Aurélie Gabriel 2023-10-11
This readme describes how the code (available in the scripts/ folder) was used to perform the analyses described in the following paper: A AG Gabriel, J Racle, M Falquet, C Jandus, D Gfeller. 2024. Robust estimation of cancer and immune cell-type proportions from bulk tumor ATAC-Seq data. DOI: https://doi.org/10.7554/eLife.94833.3
In the following sections we will refer to a data/ folder containing files that were too large to be hosted on the github repository. The complete data/ folder can be retrieved on zenodo (https://zenodo.org/record/13132868, additional_data.zip).
The following command line was used to process the ATAC-Seq samples
listed in
data/markers_identification_input_files/samples/Ref/SRA_samples_metadata.txt.
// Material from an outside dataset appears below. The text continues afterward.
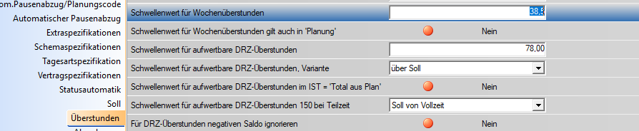 Basis der Berechnung der Wochenüberstunden, ist der Parameter "Schwellenwert für Wochenüberstunden". Dieser muss (Achtung Stichtag) auf 38,5 Stunden gesetzt werden.
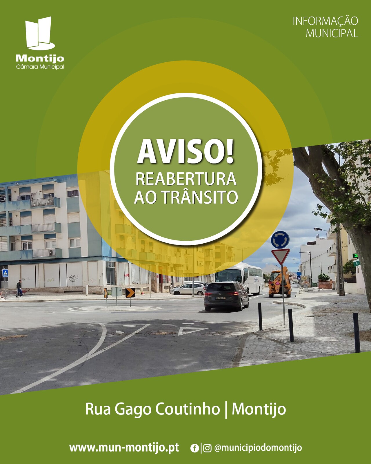 A Câmara Municipal do Montijo informa que, após intervenção na rede viária, o trânsito na Rua Gago Coutinho já se encontra reaberto.

Note that the git_repo_path
variable corresponds to the path to the
location where this GitHub repository has been cloned. The
genome_folder_path
variable corresponds to the folder containing the
refgenie genome assets which are PEPATAC prerequisites for ATAC-Seq data
processing, please refer to the PEPATAC documentation to download these
data (http://pepatac.databio.org/en/latest/assets/).
sra_output_folder
corresponds to the folder where SRA data will be
downloaded.
git_repo_path=user_defined_path # path to the folder where this github repository was cloned
path_to_data_folder=user_defined_path # path to the data folder donwloaded from zenodo
genome_folder_path=user_defined_path
sra_output_folder=user_defined_path
pepatac_output_folder=user_defined_path # folder where the processed data are saved
nextflow run ${git_repo_path}scripts/bulk_preprocessing_scripts/ATAC_processing.nf \
-c ${git_repo_path}scripts/bulk_preprocessing_scripts/nextflow.config -profile singularity \
--samples_metadata ${path_to_data_folder}/markers_identification_input_files/samples/Ref/SRA_samples_metadata.txt \
--sra_folder ${sra_output_folder} \
--output_folder ${pepatac_output_folder} \
--genome_version hg38 \
--genome_folder ${genome_folder_path} \
--multiqc_config ${git_repo_path}scripts/bulk_preprocessing_scripts/multiqc_config.yaml \
--blacklist_file ${git_repo_path}scripts/bulk_preprocessing_scripts/hg38-blacklist.v2.bed \
--original_config ${git_repo_path}scripts/bulk_preprocessing_scripts/pepatac_original.yaml \
--samples_origin SRA --adapters ${git_repo_path}scripts/bulk_preprocessing_scripts/all_adapters_PE.fa \
--preprocess true --getcounts false -bg -resume
The same pipeline was used to process the ENCODE samples listed in data/markers_identification_input_files/samples/ENCODE/SRA_samples_metadata.txt
The same pipeline can then be used to identify a set of consensus peaks
across studies and cell-types and extract the raw counts for each peak
and sample with the following options --preprocess false
and
--getcounts true
.
raw_counts_output_folder=user_defined_path # folder where the counts are saved
nextflow run ${git_repo_path}scripts/bulk_preprocessing_scripts/ATAC_processing.nf \
-c ${git_repo_path}scripts/bulk_preprocessing_scripts/nextflow.config -profile singularity \
--samples_metadata ${path_to_data_folder}markers_identification_input_files/samples/Ref/SRA_samples_metadata.txt \
--output_folder ${pepatac_output_folder} \
--genome_version hg38 --peak_score_thr 2 \
--genome_folder ${genome_folder_path} \
--output_folder_counts ${raw_counts_output_folder} \
--pepatac_config ${git_repo_path}scripts/bulk_preprocessing_scripts/pepatac_config.yaml \
--preprocess false --getcounts true -bg -resume
Raw counts for each peak and sample and the metadata associated to each sample are provided as output in raw_counts_output_folder (raw_counts.txt and metadata.txt). These two files are used later in “Computing reference profiles and identifying marker peaks” and are also provided in the data/markers_identification_input_files/ folder.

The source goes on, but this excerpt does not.